This one actually regulates thanks to a GNFB loop.
Some people dislike it, and go to great lenghts avoiding one, but I think it is harmless and bring objective benefits, like tighter regulation
Placing C2 there greatly reduces the ripple.
If ripple is not a major concern, you can use a single resistor and no cap
Translated in figures, the CCS version has a static line regulation of 11% and a static output resistance of 5.4 ohm.
The closed-loop version has a line regulation of 1.6% and an output resistance of 80 milliohm.
Dynamic figures are much better.
By contrast, passive dividers or non-stabilized CCS do far far worse
The closed-loop version has a line regulation of 1.6% and an output resistance of 80 milliohm.
Dynamic figures are much better.
By contrast, passive dividers or non-stabilized CCS do far far worse
I get more or less the same result wih and without.
I do get more ripple if removing C1 / R5.
I haven't seen these on other regulators.
What are they there for?
I suppose it has to do with M1 being the reference.

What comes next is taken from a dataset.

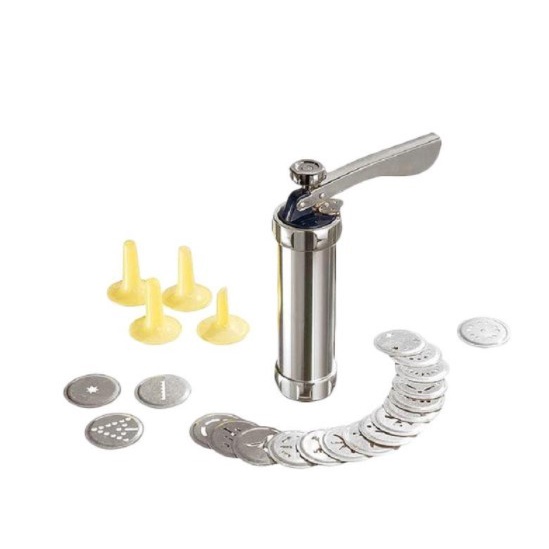 - Cetakan biskuit yang mudah digunakan. - Dilengkapi manual book yang disertai resep adonan. - Dilengkapi dengan 20 cetakan berbeda untuk membuat variasi bentuk biskuit. - Cetakan kue dan biskuit ini terbuat dari stainless steel aman dan awet - Dapat dibongkar pasang sehingga mudah dibersihkan. - Cocok untuk melengkapi dapur Anda atau sebagai hadiah untuk sahabat.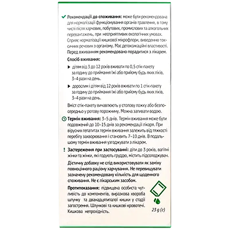 Дітям від 3 до 12 років вживати по 0,5 стік-пакету за годину до приймання їжі або прийому будь яких ліків, 3–4 рази на день. Дорослим і дітям від 12 років вживати по 1 стік-пакету за годину до приймання їжі або прийому будь яких ліків, 3–4 рази на день. Вміст стік-пакету вичавлюють у столову ложку або безпосередньо у ротову порожнину. Можна запивати водою.

An AC path for the gate?
I'm waiting for some parts, to be able to test in real life.
Looks like C1 is to feed ripple that may exist on the output into M1. R5 is likely a HF stopper. ?
If there is ripple on the output, M1 will modulate that ripple the opposite way, making M2 cancel the ripple.
If there is ripple on the output, M1 will modulate that ripple the opposite way, making M2 cancel the ripple.
Strange: without the cap, I get 2.5mV pp ripple, and with it, it falls to 115µV pp.
They bypass the feedback divider in AC, meaning the amplifier is connected in unity gain, thus maximizing the loop gain available to correct ripple, reduce output impedance, etc.
The main role of R5 is to reduce charge/discharge currents into D1 in case funny things are done at the output, like shorts, dumping, etc.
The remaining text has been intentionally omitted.